The second phase of the project will begin in June 2024, with the establishment of a permanent WG to monitor technologies and standards. The aim will be to perpetuate the work carried out during the first phase and ensure quarterly updates of use cases, impacts and best practices. The advantage of such an approach lies in the ability it gives contributors to adapt as closely as possible to developments in terms of technology, legal constraints and societal expectations.  

The deliverables

So far, the WG has produced three key deliverables:

  1. Mapping of use cases 

The mapping of Gen AIS use cases was drawn up through hearings with WG participants and through research work leading to the identification of 167 relevant use cases. This mapping has been enriched and updated on an ongoing basis, benefiting, among other things, from feedback from contributors during plenary meetings.

  1. Taxonomy of impacts

Based on the mapping of use cases, a list of positive impacts and a list of negative impacts were identified. These two lists have been organized into an easily exploitable taxonomy. A multiscalar approach (individual, organizational, societal and global levels) was adopted to make the taxonomy easier to use. 

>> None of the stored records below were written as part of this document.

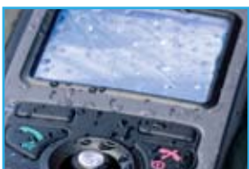
Dust & Splash Resistant

The KX-TD7696 boasts a large, 6-line, blue backlit LCD and includes all the features you'd expect such as Caller ID, personal and system speed dials, and a built-in 100-entry phone book and distinct ring/LED options. The handset includes an intuitive Graphical Icon Menu and dynamic Operation Guidance with Soft Keys and a Built-in Joystick.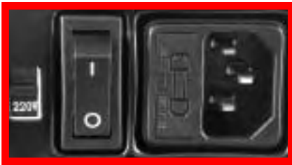
Universal IEC plug All units/dual voltage 115V & 230V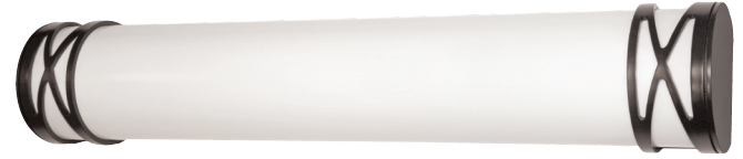
BZ endcaps, WHA diffuser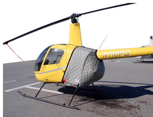
Robinson R-22 Insulated Engine Cover (also covers bottom) & Front Blade Tie-down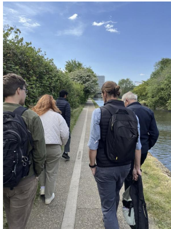
Canal visit with the Canal & River Trust and OPDC

We're looking forward to seeing this part of the Grand Union Canal thrive under the care of BBVS and other businesses who have adopted neighbouring stretches.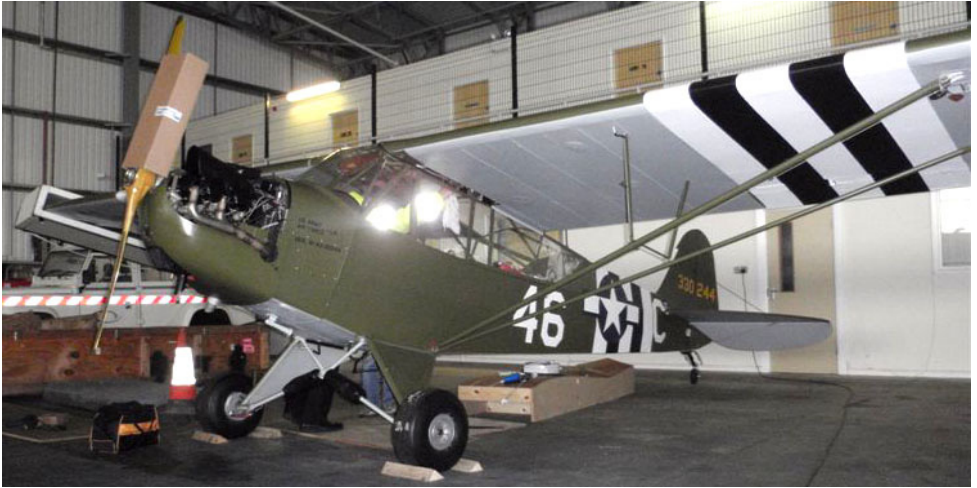
G-CGIY J-3C CUB, is still awaiting its first flight following restoration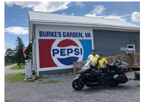
Popular Bonus Location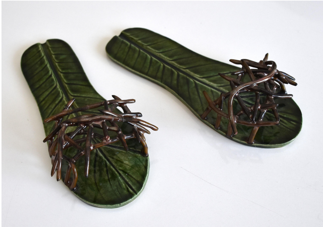
Nature 20 X 7 cm 2021 Ceramic Hand Forming, 1060° Glazed Firing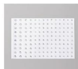
Rhinstone Basic Jewels [144220] $6.00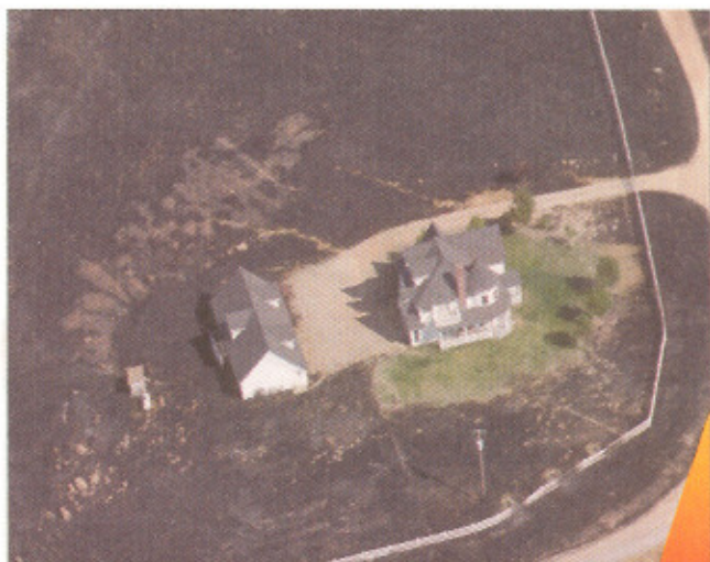
A home with 100 feet of defensible space can be the difference between one that burns and one that survives.

FACT: It does matter. Making a clean, open space 100 feet around your home can help firefighters save it and your family and pets. The photo below is a perfect example of how defensible space saved this person's property.

  1. Ranking positive and negative impacts 

As we expanded the taxonomy during our plenary sessions, we noticed that the impact categories identified applied to Gen AIS as well as to most existing digital technologies. By focusing on the specific features of Gen AIS, we have prioritized the impacts most exacerbated by these new technologies. 

Three types of impact were of particular interest: on the environment, on skills, and on productivity. The creation of a working group focusing on environmental impacts was approved at plenary session 5 on 16 May 2024.

At the end of this process, we identified five major peripheral findings: 

  1. In terms of impact, it is difficult to make a strict distinction between generative AIS and traditional AIS. 
  2. The differences between traditional AIS and Gen AIS seem to be based on two elements: their ability to blur the boundary between the real and the artificial, and the increase in quantity and quality compared with traditional AIS. 
  3. Ethical thinking is still heavily structured by compliance, which limits its understanding, application and scope. 
  4. The use cases for Gen AIS remain limited in organizations compared with the possible use cases identified. 
  5. There are significant differences in approach between geographical areas, and therefore between cultural areas, as regards both the use of Gen AIS and the assessment of their impact, particularly in terms of ethical acceptability and desirability. 

As we approach the end of this first phase of our work, we can see that Gen AIS are presenting a growing number of use cases whose impacts are as varied as those of other digital technologies.

The deliverables will be living objects that will need to be updated on a regular basis in order to benefit from adaptable and relevant best practices. The work of the WG will also continue with the aim of identifying weak signals concerning technical and normative developments surrounding Gen AIS, in order to move away from a reactive approach towards one of anticipation.

The work of the WG will be completed by the reflections of the WG focused on environmental impacts, as well as by specific research work supported by expert consultations. The impacts on skills and productivity will also be the subject of discussions that will be shared through technical notes.

The project as a whole will enable contributors to benefit from up-to-date information, shared experience, good practice and potentially early warnings that will facilitate decision-making on the adoption and use of Gen AIS, making decisions more relevant and therefore more effective.